# EXTRACTED DATA:
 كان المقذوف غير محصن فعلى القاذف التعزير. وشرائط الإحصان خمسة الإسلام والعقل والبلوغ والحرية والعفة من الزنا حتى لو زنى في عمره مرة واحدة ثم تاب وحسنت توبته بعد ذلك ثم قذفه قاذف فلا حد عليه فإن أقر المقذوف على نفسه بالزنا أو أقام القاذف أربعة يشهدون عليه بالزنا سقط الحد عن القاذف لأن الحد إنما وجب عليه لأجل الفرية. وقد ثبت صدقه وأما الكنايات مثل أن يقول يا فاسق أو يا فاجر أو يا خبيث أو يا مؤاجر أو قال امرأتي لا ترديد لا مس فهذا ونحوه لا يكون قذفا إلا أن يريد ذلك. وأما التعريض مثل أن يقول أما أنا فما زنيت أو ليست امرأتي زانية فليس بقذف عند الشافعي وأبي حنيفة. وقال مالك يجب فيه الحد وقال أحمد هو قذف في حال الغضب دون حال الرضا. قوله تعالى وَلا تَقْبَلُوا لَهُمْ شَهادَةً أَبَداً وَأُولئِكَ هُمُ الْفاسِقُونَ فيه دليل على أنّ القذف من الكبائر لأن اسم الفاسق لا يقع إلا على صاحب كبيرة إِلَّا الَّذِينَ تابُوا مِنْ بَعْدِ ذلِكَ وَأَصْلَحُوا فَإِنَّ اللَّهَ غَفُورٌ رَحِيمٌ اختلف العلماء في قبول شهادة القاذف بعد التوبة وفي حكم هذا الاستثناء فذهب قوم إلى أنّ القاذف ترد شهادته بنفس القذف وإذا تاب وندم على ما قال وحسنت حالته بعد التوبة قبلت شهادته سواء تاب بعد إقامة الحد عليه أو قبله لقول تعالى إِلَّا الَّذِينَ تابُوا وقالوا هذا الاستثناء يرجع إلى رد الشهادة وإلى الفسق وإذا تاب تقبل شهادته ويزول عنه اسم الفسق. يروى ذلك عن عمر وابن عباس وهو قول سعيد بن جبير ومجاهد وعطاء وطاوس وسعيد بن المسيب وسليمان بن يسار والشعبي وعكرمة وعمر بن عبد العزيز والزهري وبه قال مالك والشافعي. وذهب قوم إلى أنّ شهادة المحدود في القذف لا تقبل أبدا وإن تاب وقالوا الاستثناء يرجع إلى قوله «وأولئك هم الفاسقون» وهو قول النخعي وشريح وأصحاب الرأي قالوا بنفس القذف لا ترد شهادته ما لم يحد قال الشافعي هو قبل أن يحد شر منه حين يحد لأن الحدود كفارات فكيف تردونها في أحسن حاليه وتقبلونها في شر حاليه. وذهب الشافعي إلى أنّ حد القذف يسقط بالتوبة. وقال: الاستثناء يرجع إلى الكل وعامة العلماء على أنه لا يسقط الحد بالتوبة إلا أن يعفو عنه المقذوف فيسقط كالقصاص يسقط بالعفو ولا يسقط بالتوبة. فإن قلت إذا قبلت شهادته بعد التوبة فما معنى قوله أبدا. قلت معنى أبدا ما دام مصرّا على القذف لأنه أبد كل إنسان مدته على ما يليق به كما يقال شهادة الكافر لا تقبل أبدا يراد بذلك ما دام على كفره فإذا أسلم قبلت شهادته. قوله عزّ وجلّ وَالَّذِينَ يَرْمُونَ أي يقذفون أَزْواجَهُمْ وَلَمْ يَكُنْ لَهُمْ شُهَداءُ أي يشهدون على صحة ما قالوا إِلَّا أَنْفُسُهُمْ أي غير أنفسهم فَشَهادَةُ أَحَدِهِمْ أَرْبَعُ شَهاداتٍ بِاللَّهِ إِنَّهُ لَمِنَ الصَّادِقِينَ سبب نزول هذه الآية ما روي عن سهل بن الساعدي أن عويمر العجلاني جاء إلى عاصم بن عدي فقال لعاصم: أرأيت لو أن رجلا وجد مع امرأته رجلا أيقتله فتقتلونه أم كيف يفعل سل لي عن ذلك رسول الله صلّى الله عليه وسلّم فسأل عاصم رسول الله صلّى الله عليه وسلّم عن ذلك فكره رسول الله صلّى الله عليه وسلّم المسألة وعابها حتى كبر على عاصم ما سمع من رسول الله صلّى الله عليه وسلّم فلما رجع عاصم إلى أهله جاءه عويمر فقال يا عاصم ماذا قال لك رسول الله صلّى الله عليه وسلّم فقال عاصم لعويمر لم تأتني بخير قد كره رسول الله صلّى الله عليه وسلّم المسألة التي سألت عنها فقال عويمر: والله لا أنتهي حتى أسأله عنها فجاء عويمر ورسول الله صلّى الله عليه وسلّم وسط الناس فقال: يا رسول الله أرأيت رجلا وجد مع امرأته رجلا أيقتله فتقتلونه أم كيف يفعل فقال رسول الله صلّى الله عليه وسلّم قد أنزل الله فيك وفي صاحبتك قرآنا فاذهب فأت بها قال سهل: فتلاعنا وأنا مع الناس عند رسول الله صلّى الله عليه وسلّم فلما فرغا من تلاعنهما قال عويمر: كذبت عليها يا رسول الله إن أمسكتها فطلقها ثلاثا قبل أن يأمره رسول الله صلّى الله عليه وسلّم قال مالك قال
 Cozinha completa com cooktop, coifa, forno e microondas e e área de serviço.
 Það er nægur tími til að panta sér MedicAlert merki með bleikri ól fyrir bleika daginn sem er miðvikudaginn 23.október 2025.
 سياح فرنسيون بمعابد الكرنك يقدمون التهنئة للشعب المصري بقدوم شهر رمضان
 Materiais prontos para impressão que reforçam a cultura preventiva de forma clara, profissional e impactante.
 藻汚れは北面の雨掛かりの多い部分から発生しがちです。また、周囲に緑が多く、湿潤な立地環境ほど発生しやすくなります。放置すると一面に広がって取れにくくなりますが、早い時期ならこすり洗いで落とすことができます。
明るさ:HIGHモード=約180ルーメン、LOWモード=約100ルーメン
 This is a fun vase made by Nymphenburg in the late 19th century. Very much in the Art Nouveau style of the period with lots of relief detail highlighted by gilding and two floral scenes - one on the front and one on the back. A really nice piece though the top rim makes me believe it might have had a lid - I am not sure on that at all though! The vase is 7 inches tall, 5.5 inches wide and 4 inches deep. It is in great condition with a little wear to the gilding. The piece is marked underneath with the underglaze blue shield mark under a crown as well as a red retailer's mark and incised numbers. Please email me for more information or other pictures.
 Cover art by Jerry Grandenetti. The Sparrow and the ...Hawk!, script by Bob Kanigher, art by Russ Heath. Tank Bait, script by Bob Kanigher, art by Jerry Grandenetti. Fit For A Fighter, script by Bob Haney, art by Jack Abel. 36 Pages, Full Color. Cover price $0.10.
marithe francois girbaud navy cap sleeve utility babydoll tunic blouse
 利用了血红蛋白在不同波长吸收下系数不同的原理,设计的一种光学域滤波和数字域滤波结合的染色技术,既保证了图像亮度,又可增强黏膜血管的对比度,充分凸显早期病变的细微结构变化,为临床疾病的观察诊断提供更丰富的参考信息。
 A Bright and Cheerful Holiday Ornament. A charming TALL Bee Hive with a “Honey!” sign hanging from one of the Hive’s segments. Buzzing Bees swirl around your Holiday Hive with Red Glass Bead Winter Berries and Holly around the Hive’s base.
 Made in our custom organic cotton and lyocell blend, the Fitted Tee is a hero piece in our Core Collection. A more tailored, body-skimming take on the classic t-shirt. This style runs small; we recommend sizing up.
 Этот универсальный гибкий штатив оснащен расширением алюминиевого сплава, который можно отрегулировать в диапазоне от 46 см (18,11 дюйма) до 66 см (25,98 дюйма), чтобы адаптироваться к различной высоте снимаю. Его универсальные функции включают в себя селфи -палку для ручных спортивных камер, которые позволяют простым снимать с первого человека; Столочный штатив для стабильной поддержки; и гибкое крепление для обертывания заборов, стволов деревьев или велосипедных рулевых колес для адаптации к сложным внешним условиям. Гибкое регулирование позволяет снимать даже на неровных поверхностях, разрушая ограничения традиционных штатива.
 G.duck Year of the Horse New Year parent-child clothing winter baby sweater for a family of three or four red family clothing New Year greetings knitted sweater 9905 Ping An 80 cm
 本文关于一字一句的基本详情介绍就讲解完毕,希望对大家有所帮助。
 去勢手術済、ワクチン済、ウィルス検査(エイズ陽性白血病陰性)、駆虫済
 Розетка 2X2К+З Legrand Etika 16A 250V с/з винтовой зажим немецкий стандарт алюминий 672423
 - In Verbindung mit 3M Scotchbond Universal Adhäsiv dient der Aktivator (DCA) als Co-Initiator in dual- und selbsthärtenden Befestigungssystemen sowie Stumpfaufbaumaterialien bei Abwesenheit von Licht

# WHAT THIS TASK INVOLVES:
Write down again, exactly as given, only the lines above that fall from the line with "marithe francois girbaud" to the line with "Made in our", inclusive.

# THE COMPLETED TASK:
marithe francois girbaud navy cap sleeve utility babydoll tunic blouse
 利用了血红蛋白在不同波长吸收下系数不同的原理,设计的一种光学域滤波和数字域滤波结合的染色技术,既保证了图像亮度,又可增强黏膜血管的对比度,充分凸显早期病变的细微结构变化,为临床疾病的观察诊断提供更丰富的参考信息。
 A Bright and Cheerful Holiday Ornament. A charming TALL Bee Hive with a “Honey!” sign hanging from one of the Hive’s segments. Buzzing Bees swirl around your Holiday Hive with Red Glass Bead Winter Berries and Holly around the Hive’s base.
 Made in our custom organic cotton and lyocell blend, the Fitted Tee is a hero piece in our Core Collection. A more tailored, body-skimming take on the classic t-shirt. This style runs small; we recommend sizing up.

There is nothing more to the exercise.